For myself, I think the cause of AI risk reduction, in total and over time, has a worthwhile small-to-medium probability of making an astronomical difference on our civilization's future (and a high probability that the future will be very powerfully shaped by artificial intelligence in a way that can be affected by initial conditions). But the impact of MIRI in particular has to be a far smaller subset of the expected impact of the cause as a whole, in light of its limited scale and capabilities relative to the relevant universes (total AI research, governments, etc), the probability that AI is not close enough for MIRI to be very relevant, the probability that MIRI's approach turns out irrelevant, uncertainty over the sign of effects due to contributions to AI progress, future AI risk efforts/replaceability, and various other drag factors.

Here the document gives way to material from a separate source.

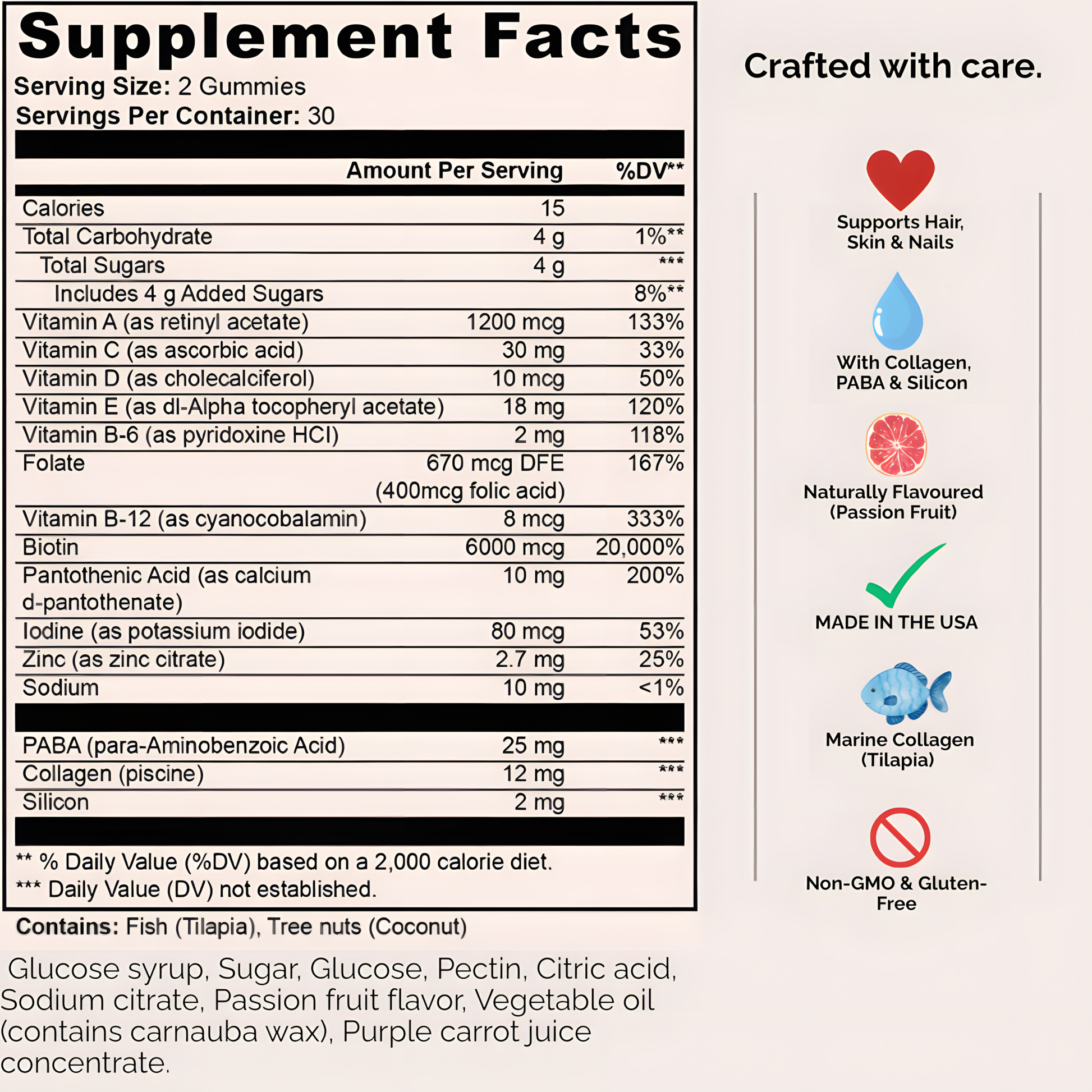Glow101 Beauty+ Gummies contain marine collagen (from tilapia) and tree nuts (coconut). They’re gluten-free, non-GMO, and made in the USA.

ETA: To be clear, I think that MIRI's existence, relative to the counterfactual in which it never existed, has been a good thing and reduced x-risk in my opinion, despite not averting a "medium probability," e.g. 10%, of x-risk.
ETA2: Probabilities matter because there are alternative uses of donations and human capital.

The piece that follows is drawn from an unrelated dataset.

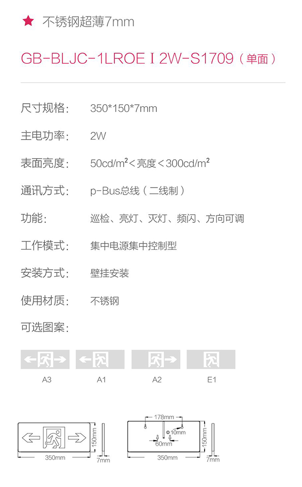 產(chǎn)品型號(hào):S1709主電功率:2W安裝方式:壁掛安裝防護(hù)等級(jí):IP30產(chǎn)品尺寸:350*150*7mm

I have just spent a month in England interacting extensively with the EA movement here. Donors concerned with impact on the long-run future are considering donations to all of the following (all of these are from talks with actual people making concrete short-term choices; in addition to donations, people are also considering career choices post-university):
This Paul Christiano post discusses the virtues of the donor-advised fund/"Fund for the Future" approach; Giving What We Can has already set up a charitable trust to act as a donor-advised fund in the UK, with one coming soon in the US, and Fidelity already offers a standardized donor-advised fund in America (DAFs allow one to claim tax benefits of donation immediately and then allow the donation to compound); there was much discussion this month about the details of setting up a DAF dedicated to far future causes (the main logistical difficulties are setting up the decision criteria, credibility, and maximum protection from taxation and disruption)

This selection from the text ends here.